Missing x86 vendor intrinsics (SSE2, SSE 4.1, AVX2)
Previous issue: #40
AVX2
MMX
EDIT(@workingjubilee): Direct MMX support is no longer in scope for std::arch, see:
- https://github.com/rust-lang/stdarch/pull/890
SSE
- [ ]
_mm_free - [ ]
_mm_storeu_si16 - [ ]
_mm_loadu_si16 - [ ]
_mm_malloc - [ ]
_mm_storeu_si64
SSE2
- [ ]
_mm_loadu_si32 - [ ]
_mm_storeu_si32
SSE4.1
Personally I am interested only in _mm_stream_load_si128 and _mm256_stream_load_si256, but I think it's worth to properly track all unimplemented intrinsics. Some of those intrinsics (e.g. _mm_malloc and _mm_free) probably should not be exposed, but, in my opinion, motivation behind such decision should be explicitly recorded somewhere (ideally in comments of relevant source files).
I was under the impression that we'd deliberately removed the MMX stuff.
Indeed. It requires special handling in the compiler to emit the right type for MMX vectors as they are a different type from regular vectors. In addition it is pretty much impossible to use correctly as LLVM can reorder MMX usage before the intrinsic that enables MMX.

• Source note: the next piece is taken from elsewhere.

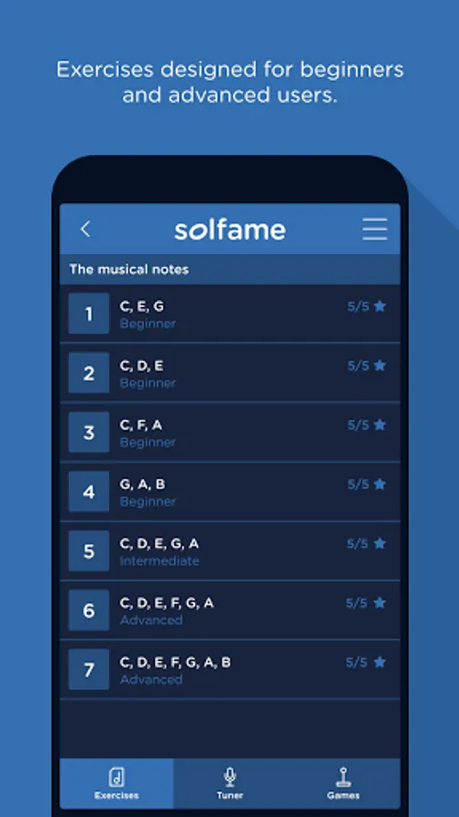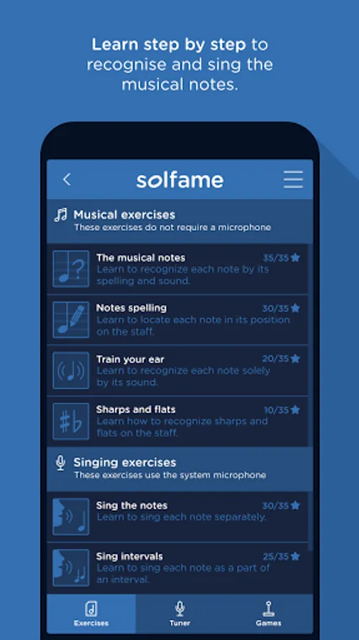 The exercise/challenge section is divided into different levels of difficulty (beginner, intermediate and advanced), with which you can start from scratch and progress in your learning. It contains a number of distinct types of exercises. Some in which you practise by singing using the microphone and other exercises in which the voice is not needed because the user interacts by screen touching with the purpose of learning the notation -spelling- and sound of the notes. In addition, it includes a scoring system with which to measure your progress.

What about the streaming load intrinsics? Is there a reason why they have been omitted?
Some of the streaming ops are already in, and stabilized (eg: _mm_stream_pd).
Given this, I'd guess that any missing streaming ops are likely an oversight (at least for 128 or 256 bit).
_mm_broadcastsi128_si256 seems to be an alias for _mm256_broadcastsi128_si256 which is implemented. The intrinsics guide lists both as translating to the same instruction and with the same description.
_mm_malloc and _mm_free seem like they require implementing in libstd.
note that there are issues with these streaming intrinsics, as they have nontemporal hints that are not properly modelled. : https://rust-lang.zulipchat.com/#narrow/stream/136281-t-opsem/topic/Non-temporal.20stores
They've been converted into assembly.